On Tuesday night, Fox's new sitcom Weird Loners premiered, and we just checked it out on Hulu. The show is set in Ridgewood, Queens, which is where everyone is moving, and the last stop for gentrification before we hit The Cemetery Belt. How did network television portray Ridgewood?

First of all, they built the block on a Hollywood lot, so it's already all too clean looking. The architecture of the brick townhouses looks fairly accurate...

However, the street itself looks more Village than anything. It's not often you see a Yellow Cab in Ridgewood.

Since the show is focused on “four single 30-something underdogs," and is a single-camera sitcom, you're not going to be cringing as characters ruin your favorite bar or hype up the neighborhood too much. This isn't like Girls, where a sense of realism is brought to the table. It's from the guy who made King of Queens, and he's made the interior of a Ridgewood apartment look like a suburban home...

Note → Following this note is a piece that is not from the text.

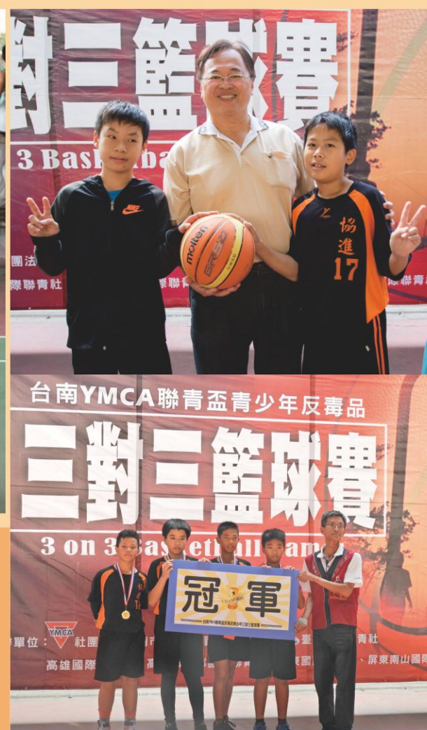
台南YMCA聯青盃青少年反毒品

The interior is not very realistic.

You will also see some city-centric impossibilities, just like in any classic fictional television show. For example, the Queens Ledger pointed out, "A Queens-native should know better than to have the characters in Flushing Meadows-Corona Park shortly after leaving the Ridgewood townhouse—it's not really accessible quickly by foot or subway and the surprise of one character at being followed to the park leads us to believe that they were not all packed into the same bus." And as Bushwick Daily noted, one character seemed to attempt walking from Manhattan to Ridgewood on the Queensboro Bridge.

Points for no one saying "Quooklyn," though.